§ WHAT YOU HAVE TO DO: Pull out the lines from the one containing "The Wine Press" through the final line of the listing below and repeat them exactly. Leave the pictures behind.

§ GIVEN DATA:
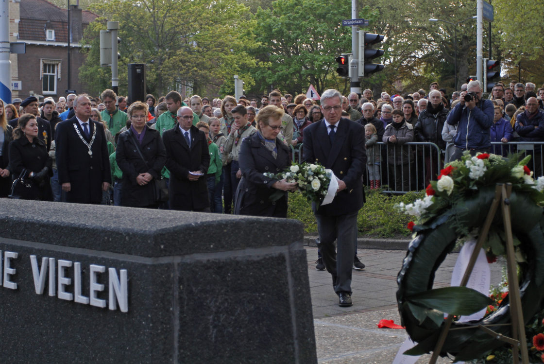 DORDRECHT – Op het Sumatraplein vond vanavond, 4 mei, traditiegetrouw Dodenherdenking plaats. Burgemeester Peter van der Velden legden samen met Nelleke de Smoker een krans bij het oorlogsmonument op het Sumatraplein. ( Foto en Video: Thymen Stolk)
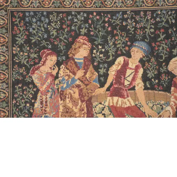 The Wine Press II woven European tapestry cushion cover features a medieval scene of grapes harvest and wine making. In this medieval scene we see the villagers crushing grapes with their feet to produce wine. The lady is seen collecting the wine from the large vat with a jug. Their costumes are elaborate, as they enjoy and revel in the spring time ritual of grapes harvest and the production of wine for all to enjoy.
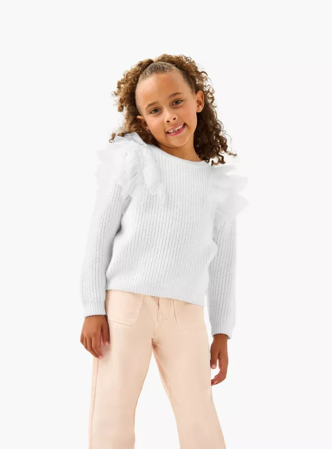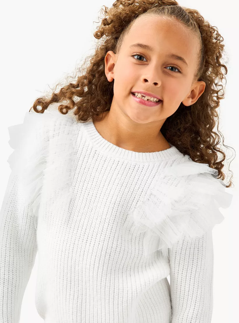 Keep your little one cozy and stylish with this Juniors Textured Sweater with Long Sleeves and Tulle Detail. Designed with a soft textured knit, it blends warmth with a playful charm. The delicate tulle accents add a touch of elegance, making it perfect for both casual outings and special occasions. Comfortable, trendy, and easy to pair, this sweater is a must-have addition to your child’s winter wardrobe.
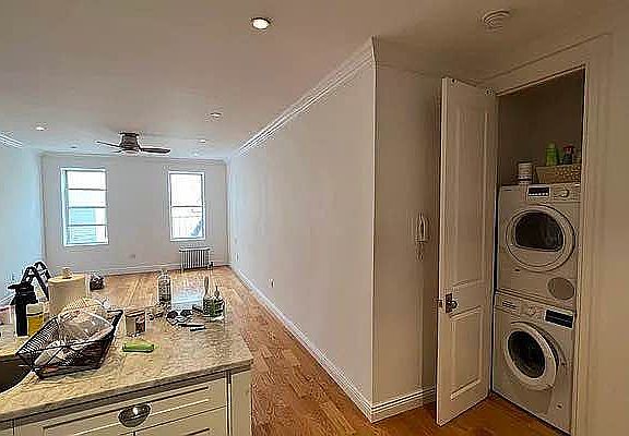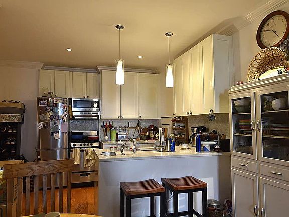 This beautifully renovated 3 Bedroom 2 bathroom apartment has a spacious layout with plenty of closet space. There is a beautiful kitchen with large island, carrera marble countertops, White shaker-style cabinetry, GE Profile Stainless Steel Appliances including dishwasher/ microwave. You have a Generous size living room with ceiling fan, 3 queen size bedrooms and 2 full bathrooms. Washer/dryer is installed in-unit for your convenience This apartment is on the 4th floor of a well kept elevator building with live in super and private storage available (additional fee). Heat/ hot water included and pets OK on CBC basis! Just a few blocks to the F/G train at Ft. Hamilton Pkwy and Prospect Park Vacant and available now

§ EXERCISE RESULT:
 The Wine Press II woven European tapestry cushion cover features a medieval scene of grapes harvest and wine making. In this medieval scene we see the villagers crushing grapes with their feet to produce wine. The lady is seen collecting the wine from the large vat with a jug. Their costumes are elaborate, as they enjoy and revel in the spring time ritual of grapes harvest and the production of wine for all to enjoy.
 Keep your little one cozy and stylish with this Juniors Textured Sweater with Long Sleeves and Tulle Detail. Designed with a soft textured knit, it blends warmth with a playful charm. The delicate tulle accents add a touch of elegance, making it perfect for both casual outings and special occasions. Comfortable, trendy, and easy to pair, this sweater is a must-have addition to your child’s winter wardrobe.
 This beautifully renovated 3 Bedroom 2 bathroom apartment has a spacious layout with plenty of closet space. There is a beautiful kitchen with large island, carrera marble countertops, White shaker-style cabinetry, GE Profile Stainless Steel Appliances including dishwasher/ microwave. You have a Generous size living room with ceiling fan, 3 queen size bedrooms and 2 full bathrooms. Washer/dryer is installed in-unit for your convenience This apartment is on the 4th floor of a well kept elevator building with live in super and private storage available (additional fee). Heat/ hot water included and pets OK on CBC basis! Just a few blocks to the F/G train at Ft. Hamilton Pkwy and Prospect Park Vacant and available now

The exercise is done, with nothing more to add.